◆ **Task item**
Output exactly the lines below, starting with the line that has "Arges Dolap Tek" and going on through the line that has "Яд Вашем - Листы", both included, and no other lines.

◆ **Source material**
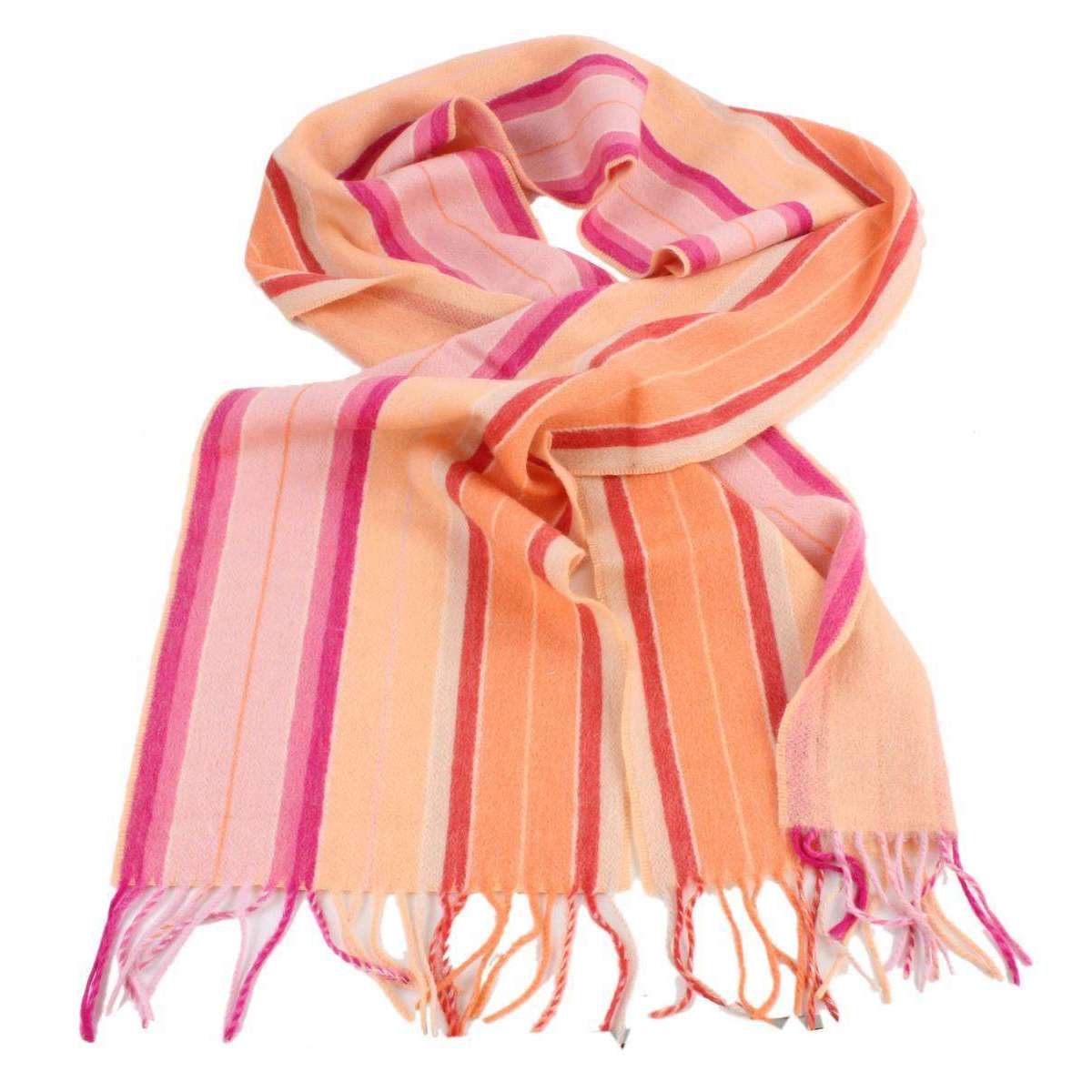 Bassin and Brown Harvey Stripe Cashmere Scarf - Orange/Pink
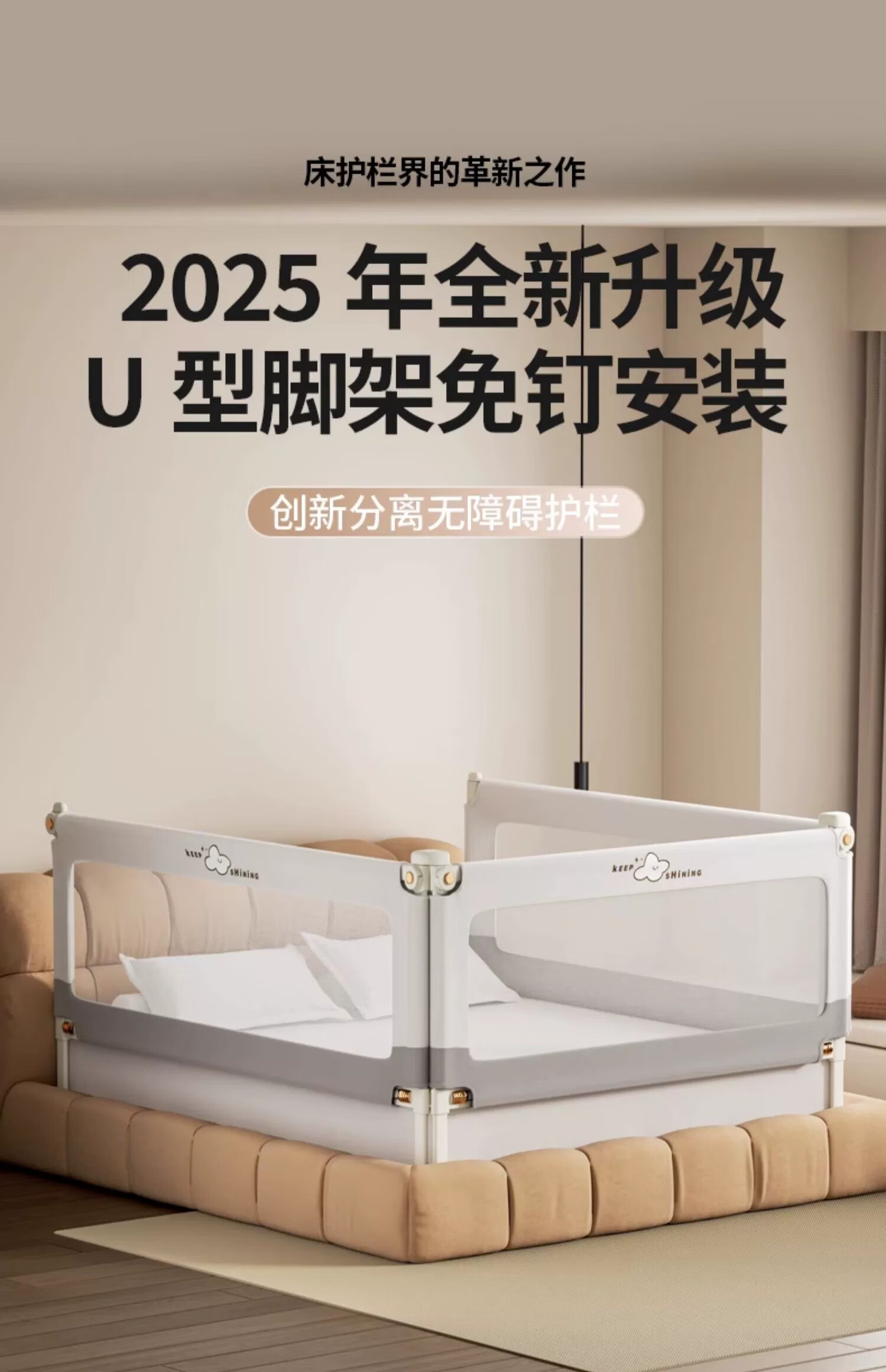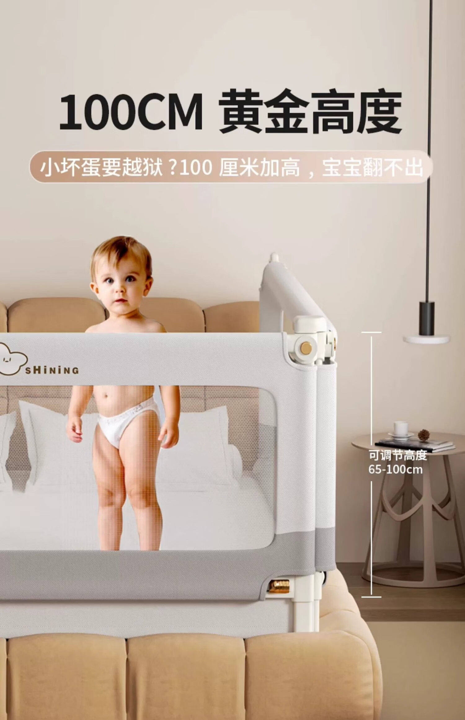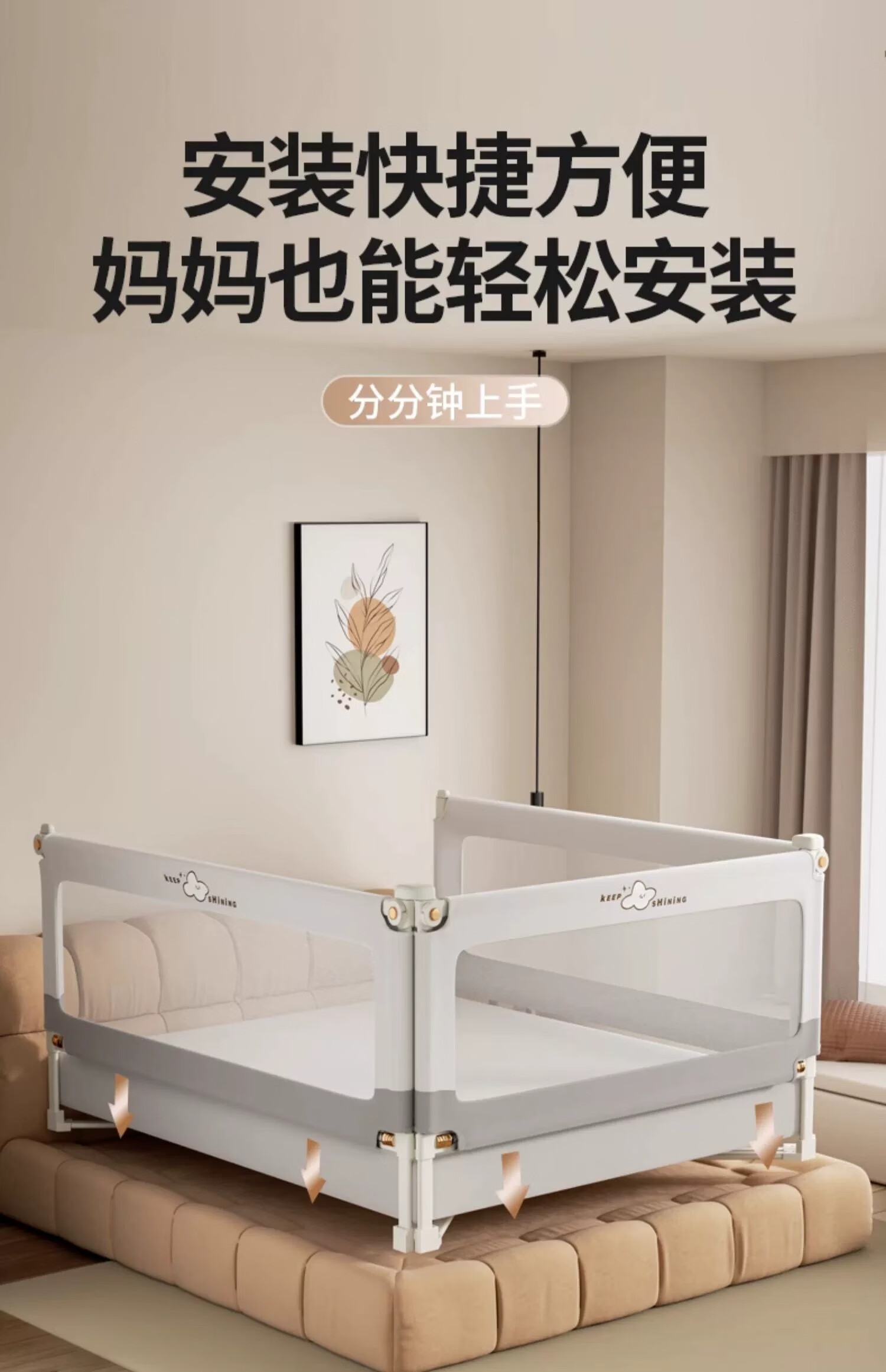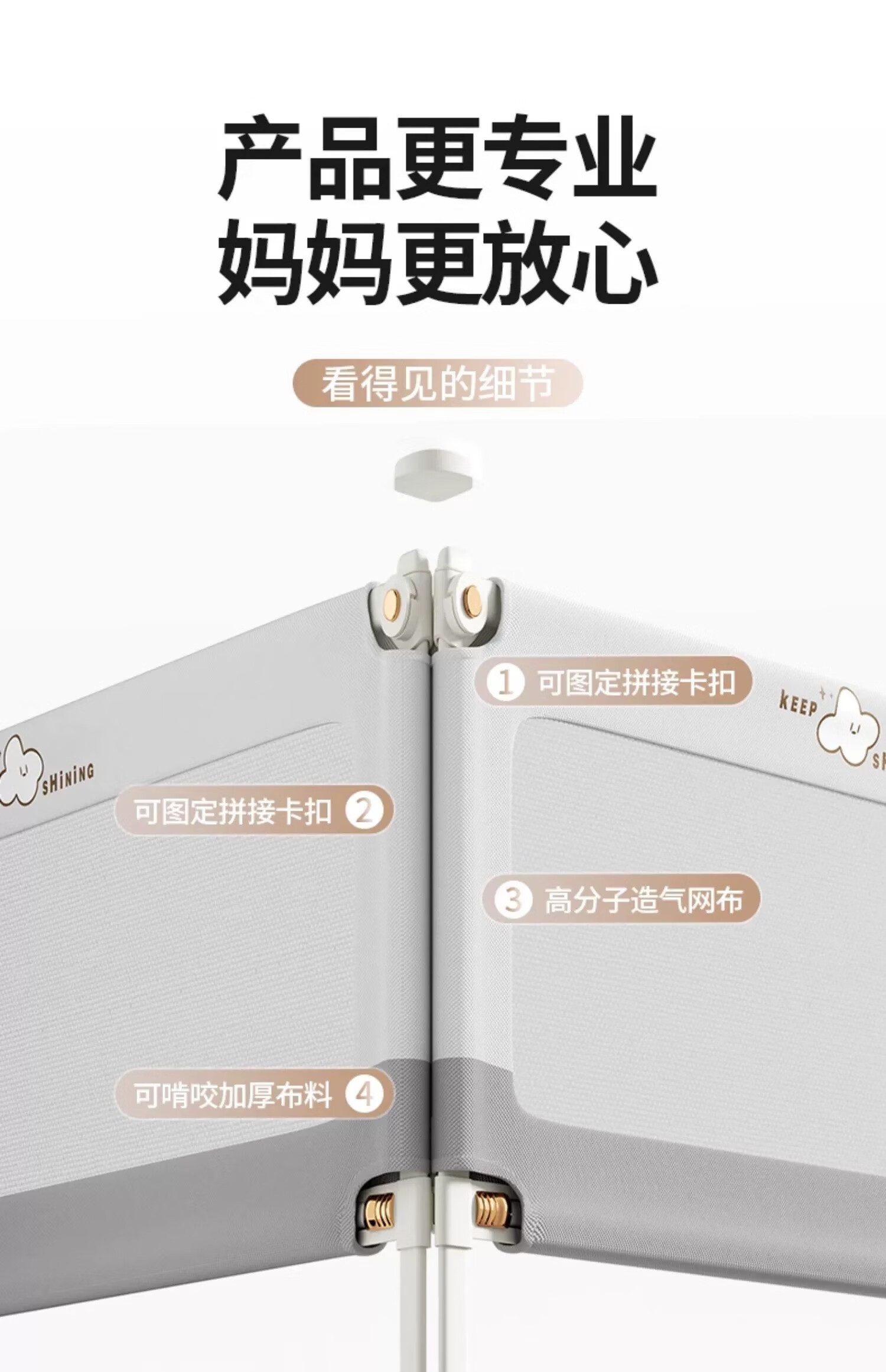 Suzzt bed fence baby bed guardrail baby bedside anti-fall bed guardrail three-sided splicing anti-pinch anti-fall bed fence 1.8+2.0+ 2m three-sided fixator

* * *

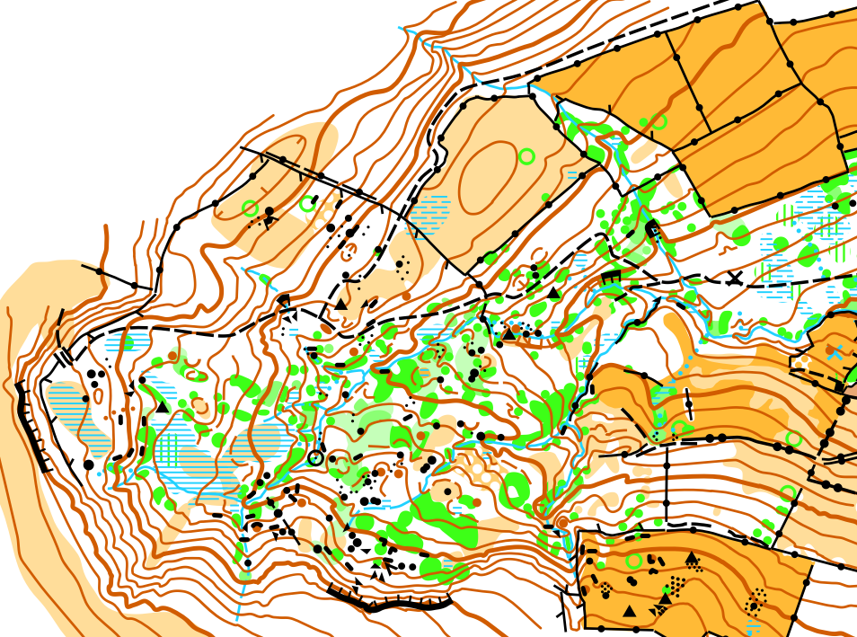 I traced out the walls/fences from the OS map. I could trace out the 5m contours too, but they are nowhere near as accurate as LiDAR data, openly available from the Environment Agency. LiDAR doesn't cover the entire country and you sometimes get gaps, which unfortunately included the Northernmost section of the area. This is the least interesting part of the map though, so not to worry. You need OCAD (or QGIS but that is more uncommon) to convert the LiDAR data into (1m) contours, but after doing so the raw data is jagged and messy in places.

==

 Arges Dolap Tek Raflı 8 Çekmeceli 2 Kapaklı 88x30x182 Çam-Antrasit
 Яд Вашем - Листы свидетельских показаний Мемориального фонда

◆ **Your solution**
 Arges Dolap Tek Raflı 8 Çekmeceli 2 Kapaklı 88x30x182 Çam-Antrasit
 Яд Вашем - Листы свидетельских показаний Мемориального фонда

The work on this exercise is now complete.